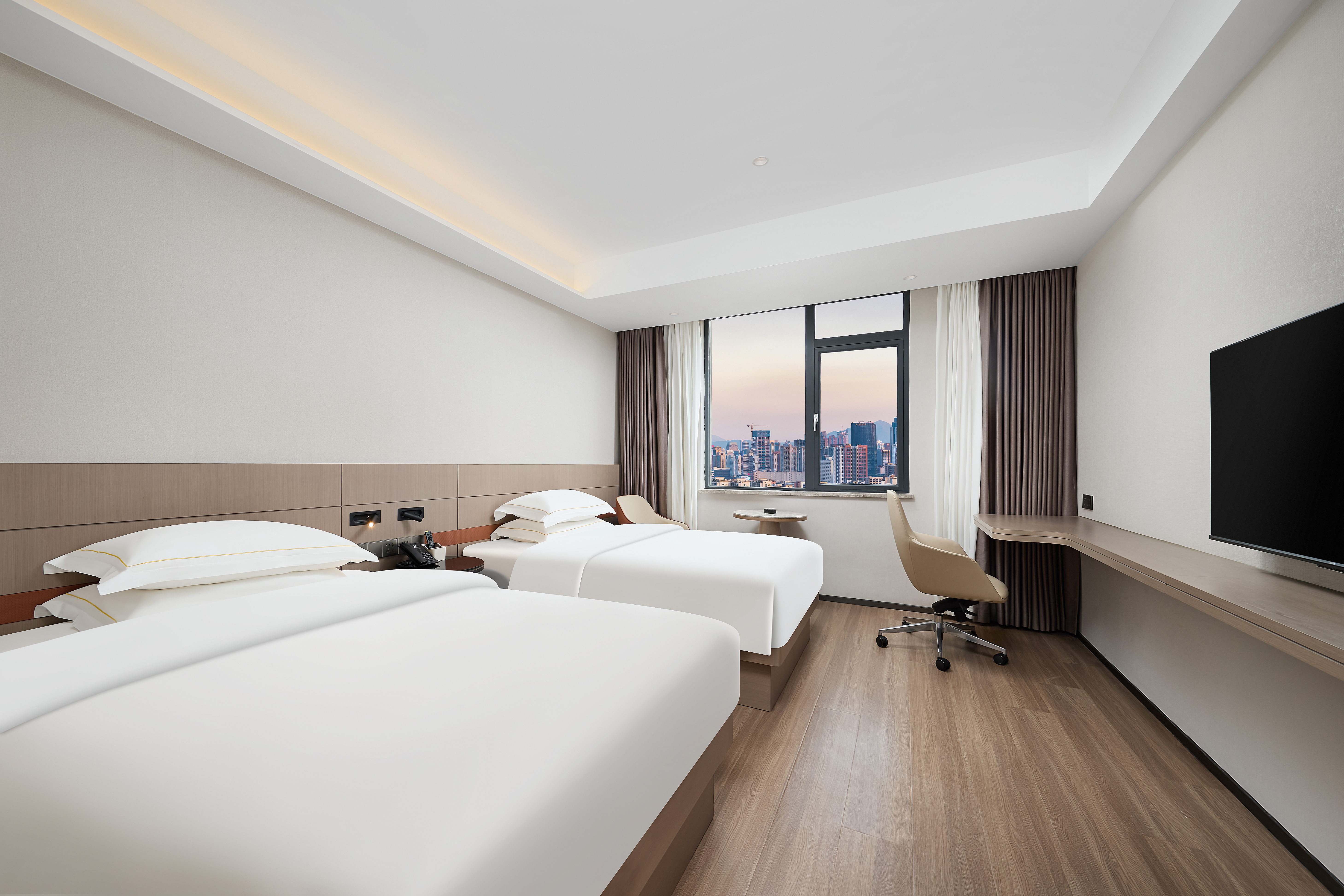 自在·豪华双床房(坐卧沙发+光线明亮+城市景色)
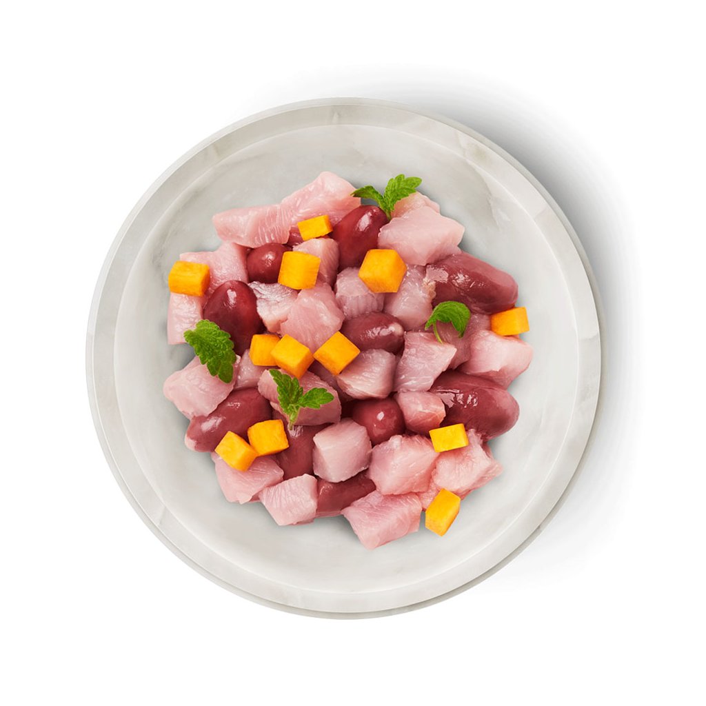 Kuřecí žaludky 20 %, kuřecí kůže 20 %, kuřecí játra 15 %, kuřecí srdce 10 %, krůtí svalovina 10 %, krůtí žaludky 10 %, kuřecí svalovina 5 %, dýně 4 %, rajčatový prášek*, řepkový olej, rybí tuk, šanta kočičí*, minerální látky.
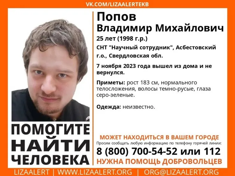 В свердловском СНТ «Научный сотрудник» Асбестовского городского округа пропал 25-летний Владимир Попов. С 7 ноября его местонахождение неизвестно, сообщили в пресс-службе регионального поисково-спасательного отряда «ЛизаАлерт».
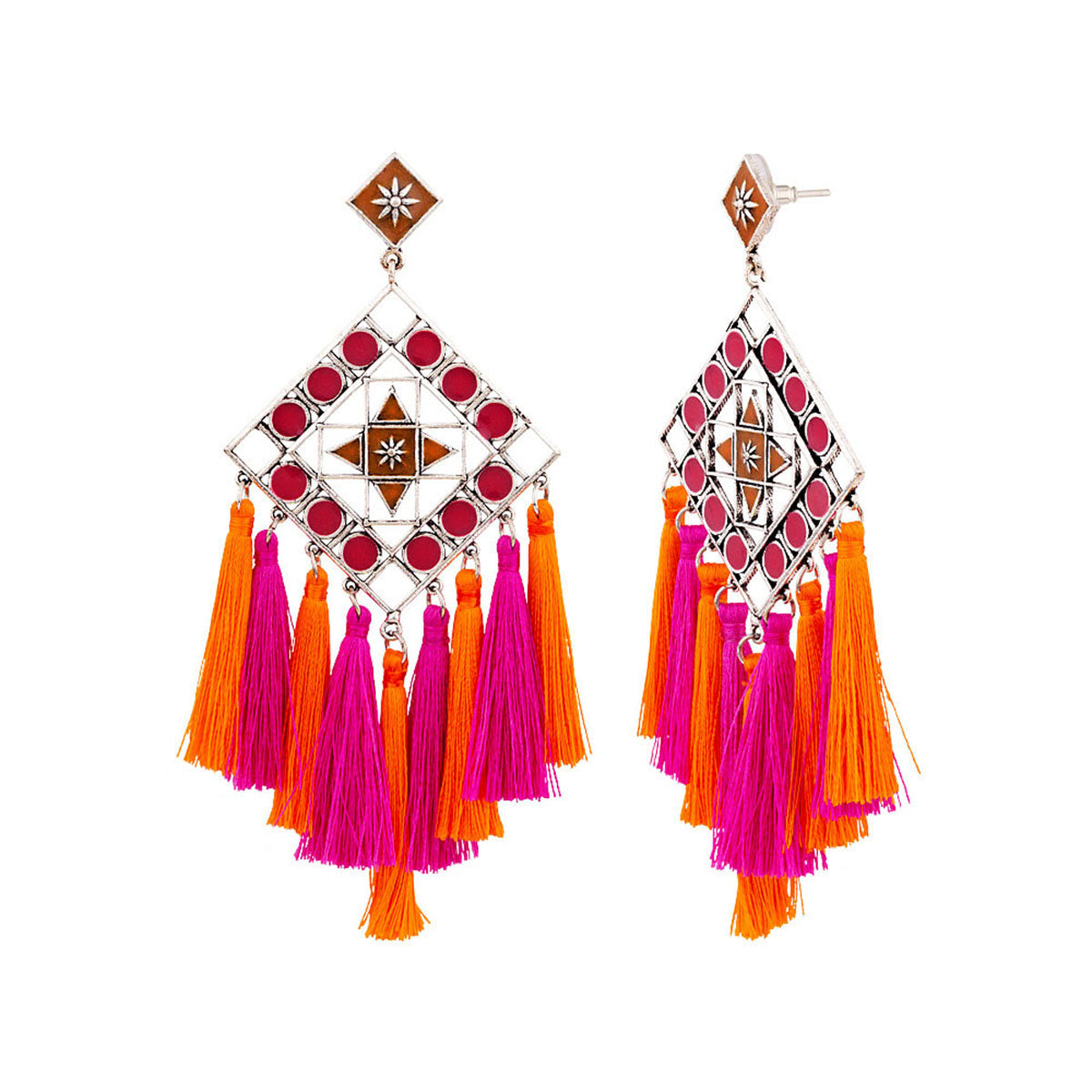 Nakhrali Coloured Tassels Enameled Earrings
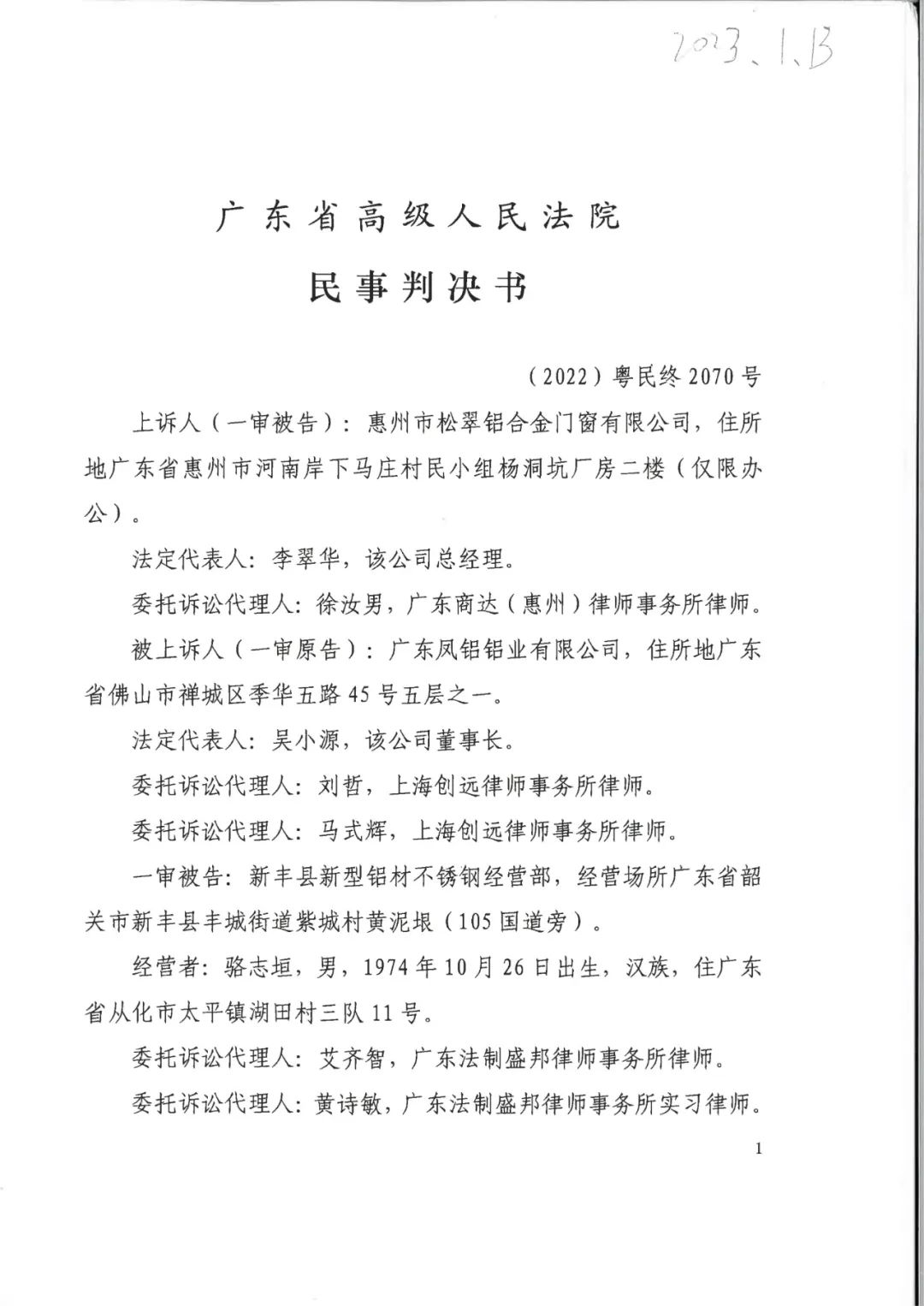张掖辉知胜诉佳讯 | 侵害“凤铝”商标案广东高院二审维持原判,判决赔偿255万元
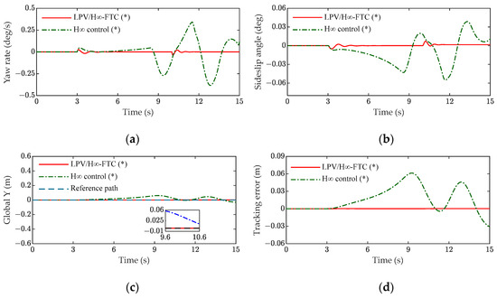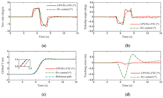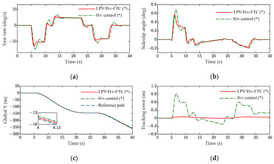 Scene B: In the experiment, the vehicle was subjected to lane changing (and a single shift line condition) at a speed of 72 km/h on a road surface with a coefficient of adhesion of 0.85; the driving path is shown in Figure 4c. The actuator failure was as follows: at 3 s, the left front wheel had a failure fault , and at 5 s, the right rear wheel had a stuck fault . (a) and (b) in Figure 4 are the vehicle state parameters, including the yaw rate and side slip angle. When a fault occurred, the state parameters of the LPV/H∞ controller were relatively stable, while the state parameters of the H∞ controller had obvious changes. As shown in Figure 4c,d, the maximum tracking error of the LPV/H∞ controller was 8.99% of that of the H∞ controller, and the tracking error was limited to 0.05. Therefore, the tracking effect of the LPV/H∞ controller was better.
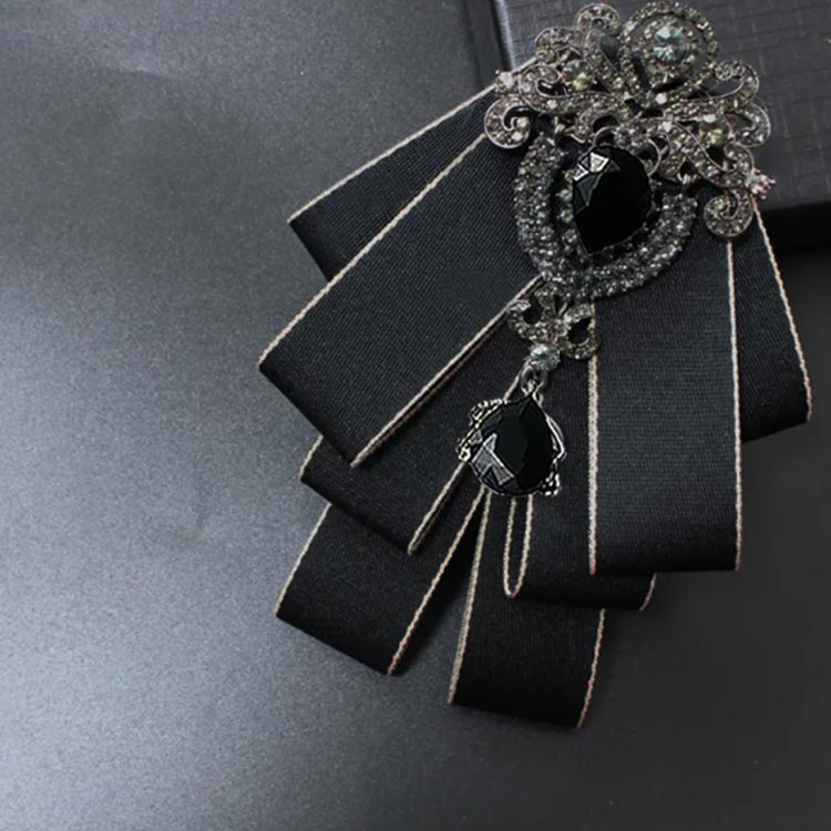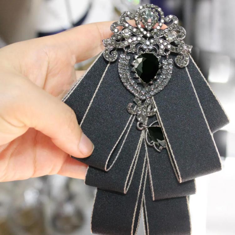 華やかなビジュー付きリボンタイ 男女兼用 ブローチ 蝶結び 普段使い 結婚式 パーティー 発表会 入学式 演奏会 蝶ネクタイ
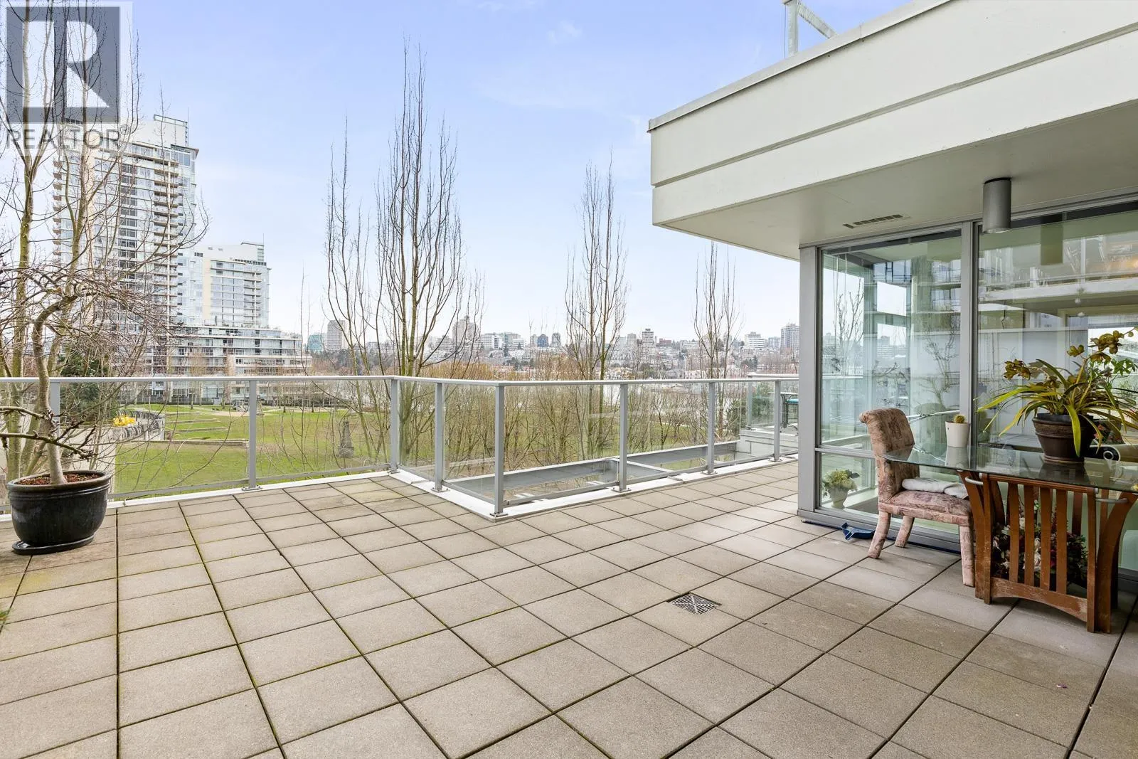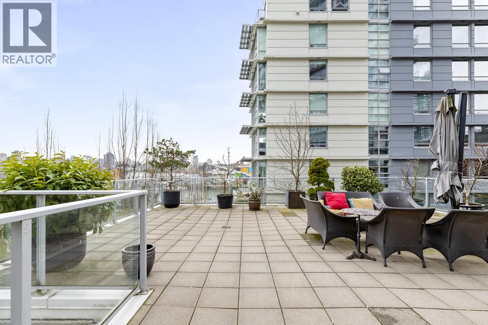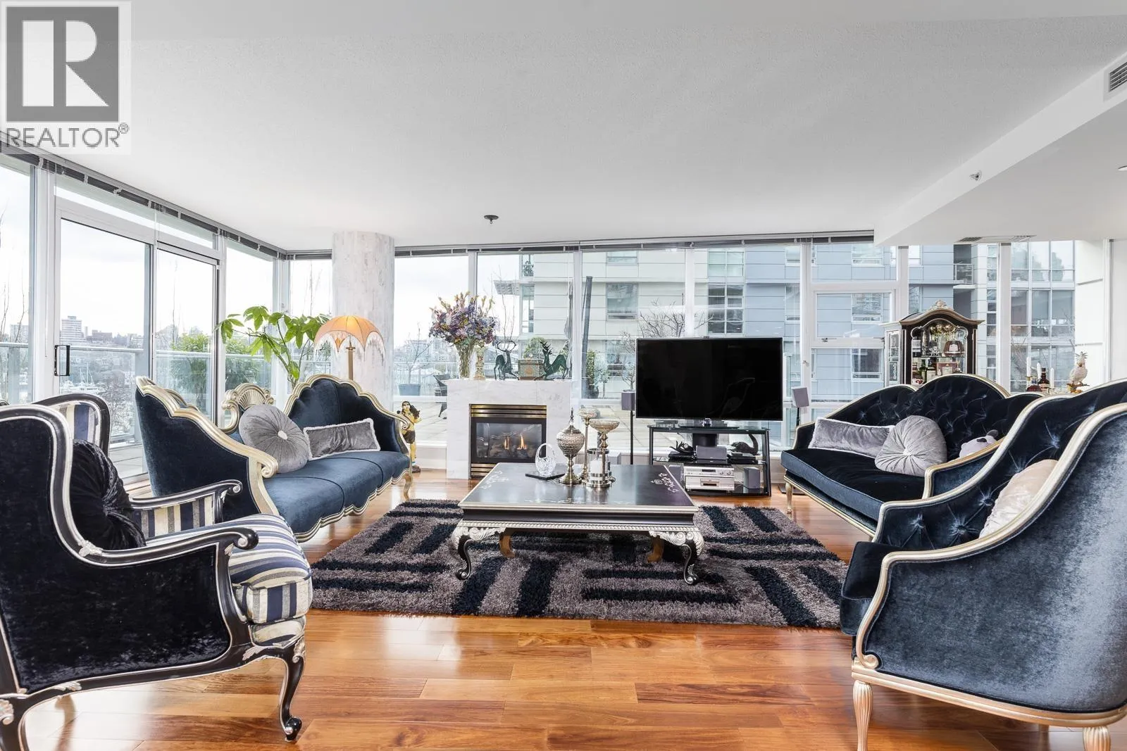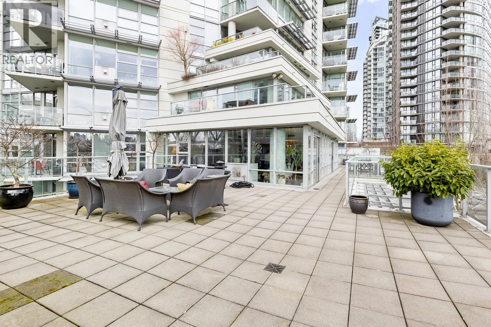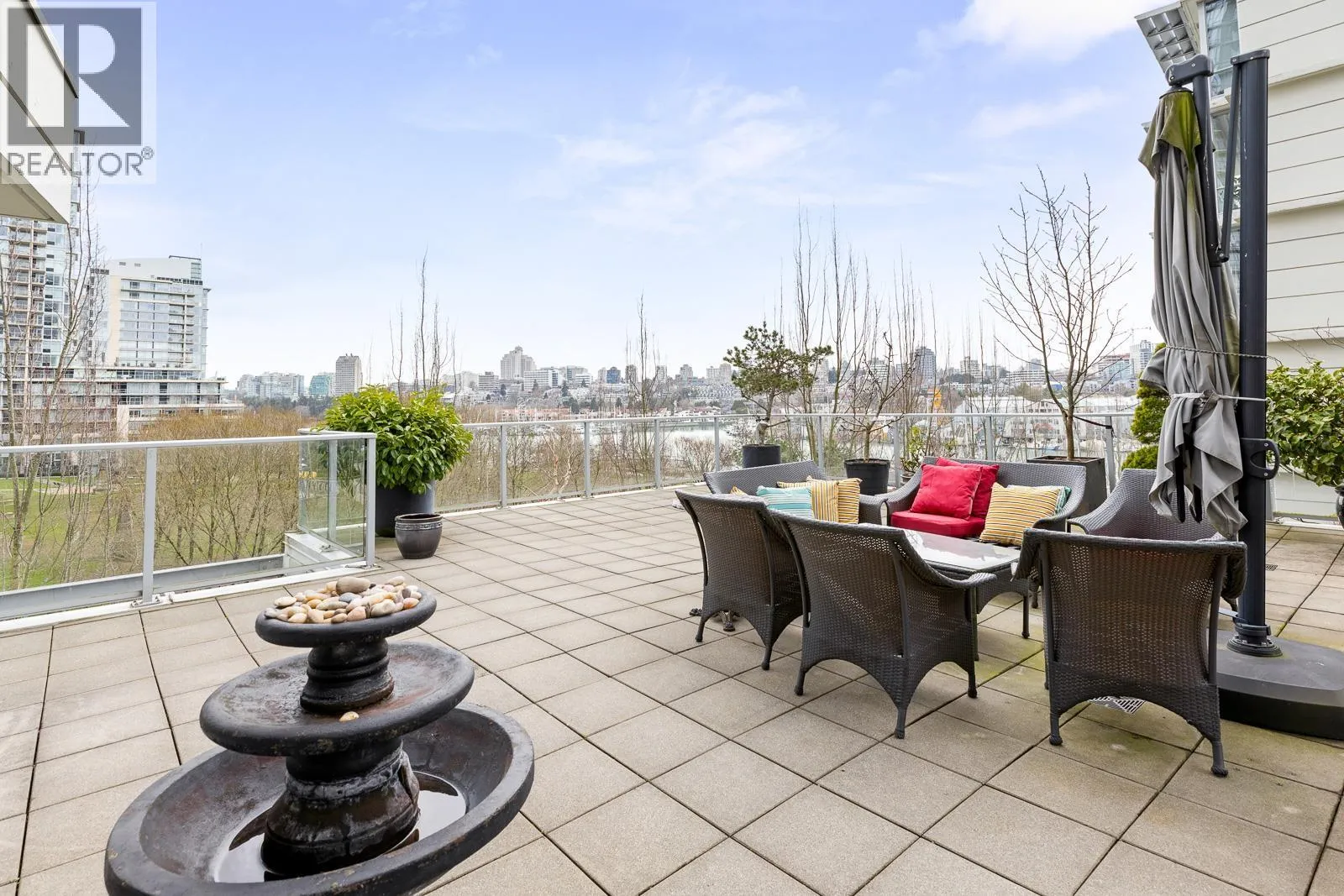 AIR CONDITIONED CORNER unit! Beautiful views directly overlooking park & water! South SUNNY & BRIGHT one of a kind unit. Well designed OPEN & SPACIOUS 2,172 sqft interior living w/A/C PLUS 1500 square ft of your own private landscaped terrace w/elegant gazebos & BBQ. 3rd floor perched up on the high side of the park. 2 bdrms + large den (could be 3rd bdrm) House size rooms w/chef's kitchen. Floor to ceiling windows completely surround the home & frame the NATURAL BEAUTY from outside! This most UNIQUE & SPECIAL home has penthouse quality finishings & appliances, marble gas fireplace. Inc. 2 side by side parking stalls. Prestigious, well run building. "The Icon I' offers concierge service, fitness center, pool, sauna (id:27476)

++++

- TASK TO CARRY OUT:
Please print out the entries above exactly. The pictures stay out.

- SOLUTION TO THIS EXERCISE:
 自在·豪华双床房(坐卧沙发+光线明亮+城市景色)
 Kuřecí žaludky 20 %, kuřecí kůže 20 %, kuřecí játra 15 %, kuřecí srdce 10 %, krůtí svalovina 10 %, krůtí žaludky 10 %, kuřecí svalovina 5 %, dýně 4 %, rajčatový prášek*, řepkový olej, rybí tuk, šanta kočičí*, minerální látky.
 В свердловском СНТ «Научный сотрудник» Асбестовского городского округа пропал 25-летний Владимир Попов. С 7 ноября его местонахождение неизвестно, сообщили в пресс-службе регионального поисково-спасательного отряда «ЛизаАлерт».
 Nakhrali Coloured Tassels Enameled Earrings
张掖辉知胜诉佳讯 | 侵害“凤铝”商标案广东高院二审维持原判,判决赔偿255万元
 Scene B: In the experiment, the vehicle was subjected to lane changing (and a single shift line condition) at a speed of 72 km/h on a road surface with a coefficient of adhesion of 0.85; the driving path is shown in Figure 4c. The actuator failure was as follows: at 3 s, the left front wheel had a failure fault , and at 5 s, the right rear wheel had a stuck fault . (a) and (b) in Figure 4 are the vehicle state parameters, including the yaw rate and side slip angle. When a fault occurred, the state parameters of the LPV/H∞ controller were relatively stable, while the state parameters of the H∞ controller had obvious changes. As shown in Figure 4c,d, the maximum tracking error of the LPV/H∞ controller was 8.99% of that of the H∞ controller, and the tracking error was limited to 0.05. Therefore, the tracking effect of the LPV/H∞ controller was better.
 華やかなビジュー付きリボンタイ 男女兼用 ブローチ 蝶結び 普段使い 結婚式 パーティー 発表会 入学式 演奏会 蝶ネクタイ
 AIR CONDITIONED CORNER unit! Beautiful views directly overlooking park & water! South SUNNY & BRIGHT one of a kind unit. Well designed OPEN & SPACIOUS 2,172 sqft interior living w/A/C PLUS 1500 square ft of your own private landscaped terrace w/elegant gazebos & BBQ. 3rd floor perched up on the high side of the park. 2 bdrms + large den (could be 3rd bdrm) House size rooms w/chef's kitchen. Floor to ceiling windows completely surround the home & frame the NATURAL BEAUTY from outside! This most UNIQUE & SPECIAL home has penthouse quality finishings & appliances, marble gas fireplace. Inc. 2 side by side parking stalls. Prestigious, well run building. "The Icon I' offers concierge service, fitness center, pool, sauna (id:27476)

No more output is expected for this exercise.